Task item: Return every line of the records that includes the string "الملائكة".

*** Opening Data for analysis ***

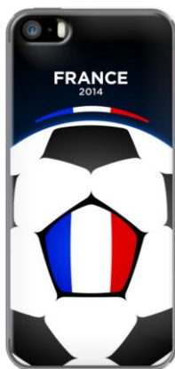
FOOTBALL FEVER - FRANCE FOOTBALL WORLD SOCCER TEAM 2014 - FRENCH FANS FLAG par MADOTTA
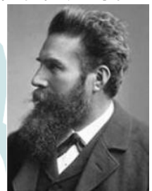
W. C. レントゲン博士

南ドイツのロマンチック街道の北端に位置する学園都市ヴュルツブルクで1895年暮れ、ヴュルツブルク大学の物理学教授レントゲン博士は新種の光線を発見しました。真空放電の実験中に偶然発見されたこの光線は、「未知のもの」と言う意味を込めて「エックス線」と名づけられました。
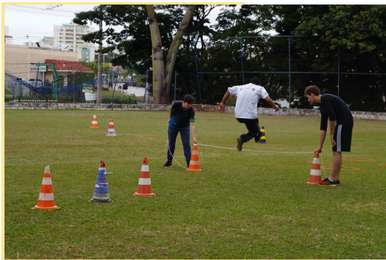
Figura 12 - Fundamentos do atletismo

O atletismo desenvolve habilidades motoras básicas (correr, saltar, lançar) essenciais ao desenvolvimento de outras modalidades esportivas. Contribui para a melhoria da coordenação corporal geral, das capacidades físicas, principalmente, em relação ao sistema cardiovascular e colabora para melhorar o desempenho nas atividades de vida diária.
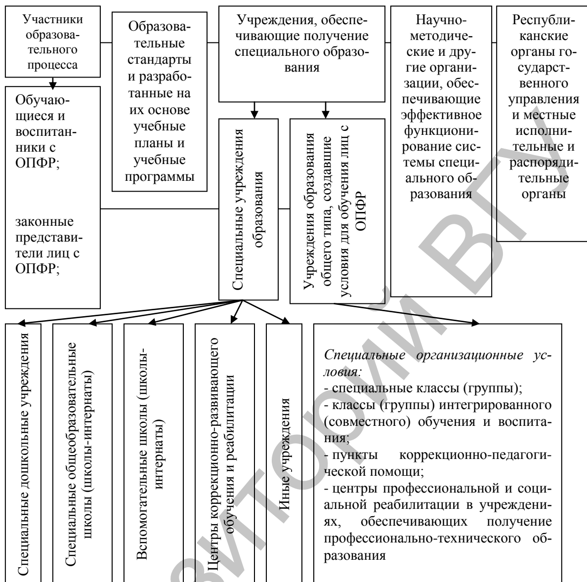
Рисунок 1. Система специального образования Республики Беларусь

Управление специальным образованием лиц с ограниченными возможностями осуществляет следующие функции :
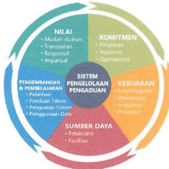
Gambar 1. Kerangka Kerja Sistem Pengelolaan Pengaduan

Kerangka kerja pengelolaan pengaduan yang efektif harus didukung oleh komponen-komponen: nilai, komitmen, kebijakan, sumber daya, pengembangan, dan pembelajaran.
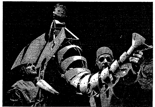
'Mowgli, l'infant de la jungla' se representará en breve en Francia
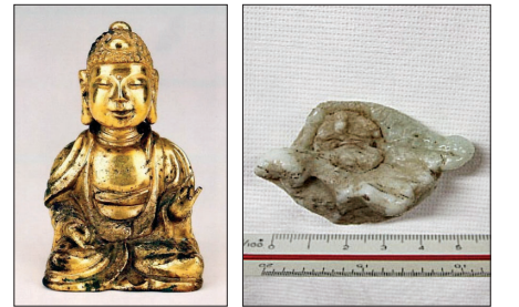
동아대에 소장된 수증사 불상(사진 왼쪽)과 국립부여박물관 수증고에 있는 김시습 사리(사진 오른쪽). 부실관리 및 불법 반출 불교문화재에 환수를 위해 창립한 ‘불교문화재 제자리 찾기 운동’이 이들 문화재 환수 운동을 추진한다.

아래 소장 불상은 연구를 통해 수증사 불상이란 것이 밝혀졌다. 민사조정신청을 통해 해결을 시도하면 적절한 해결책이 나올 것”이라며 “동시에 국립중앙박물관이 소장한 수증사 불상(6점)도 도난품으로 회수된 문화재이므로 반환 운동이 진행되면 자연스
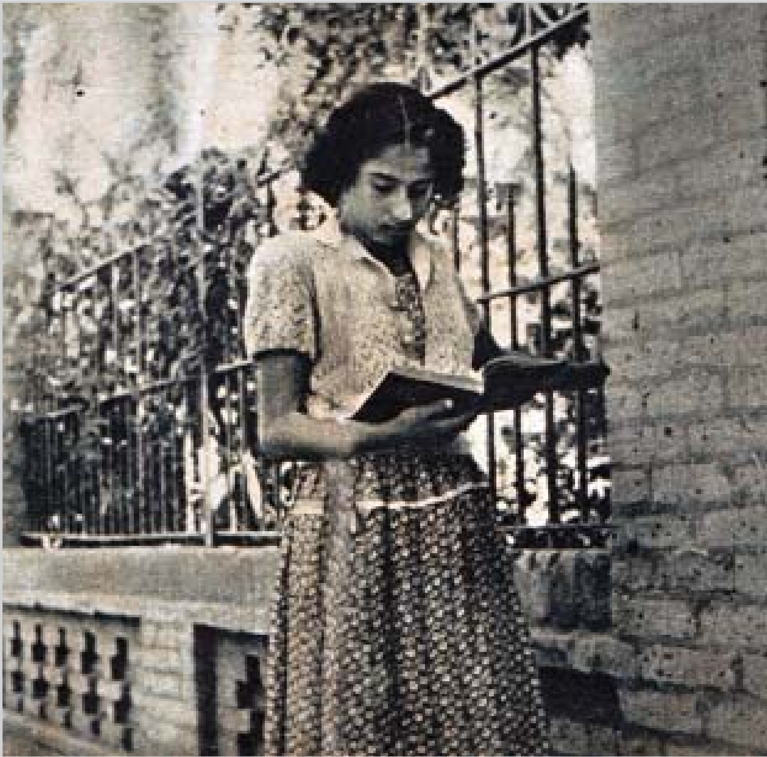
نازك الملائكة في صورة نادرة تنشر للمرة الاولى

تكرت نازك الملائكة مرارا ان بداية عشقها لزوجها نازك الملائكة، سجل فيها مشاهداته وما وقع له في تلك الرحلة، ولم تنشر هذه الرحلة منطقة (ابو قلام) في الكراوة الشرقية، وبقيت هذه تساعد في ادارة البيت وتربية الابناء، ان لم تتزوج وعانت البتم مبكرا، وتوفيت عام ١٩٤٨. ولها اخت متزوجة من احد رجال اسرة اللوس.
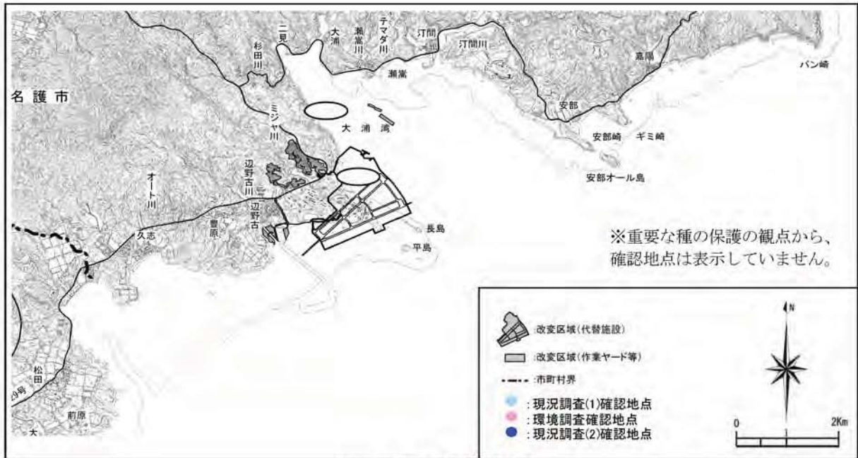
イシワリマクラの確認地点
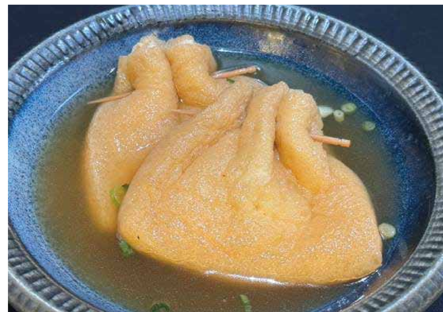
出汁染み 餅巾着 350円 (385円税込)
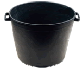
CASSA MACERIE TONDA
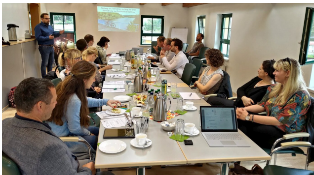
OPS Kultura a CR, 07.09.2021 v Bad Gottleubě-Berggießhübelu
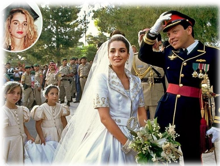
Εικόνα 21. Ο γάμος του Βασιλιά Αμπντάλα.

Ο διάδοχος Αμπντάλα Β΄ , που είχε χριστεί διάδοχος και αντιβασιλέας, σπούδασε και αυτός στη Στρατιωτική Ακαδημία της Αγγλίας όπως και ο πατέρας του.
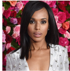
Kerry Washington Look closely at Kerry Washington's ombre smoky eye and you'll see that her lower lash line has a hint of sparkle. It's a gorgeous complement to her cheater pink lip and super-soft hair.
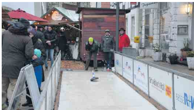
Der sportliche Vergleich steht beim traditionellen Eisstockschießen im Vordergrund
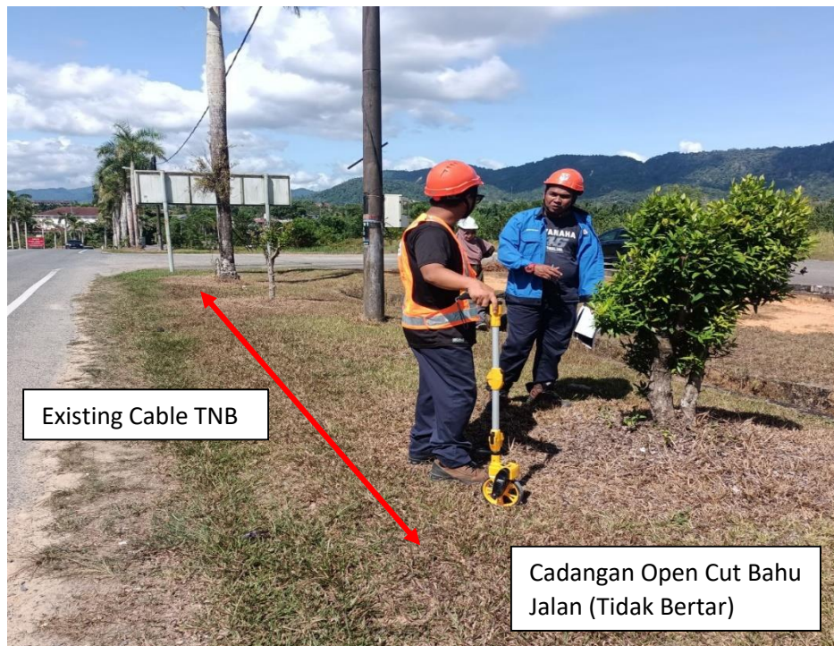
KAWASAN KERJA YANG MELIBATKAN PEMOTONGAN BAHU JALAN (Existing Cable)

*** Closing Data for analysis ***

Result:
نازك الملائكة في صورة نادرة تنشر للمرة الاولى
تكرت نازك الملائكة مرارا ان بداية عشقها لزوجها نازك الملائكة، سجل فيها مشاهداته وما وقع له في تلك الرحلة، ولم تنشر هذه الرحلة منطقة (ابو قلام) في الكراوة الشرقية، وبقيت هذه تساعد في ادارة البيت وتربية الابناء، ان لم تتزوج وعانت البتم مبكرا، وتوفيت عام ١٩٤٨. ولها اخت متزوجة من احد رجال اسرة اللوس.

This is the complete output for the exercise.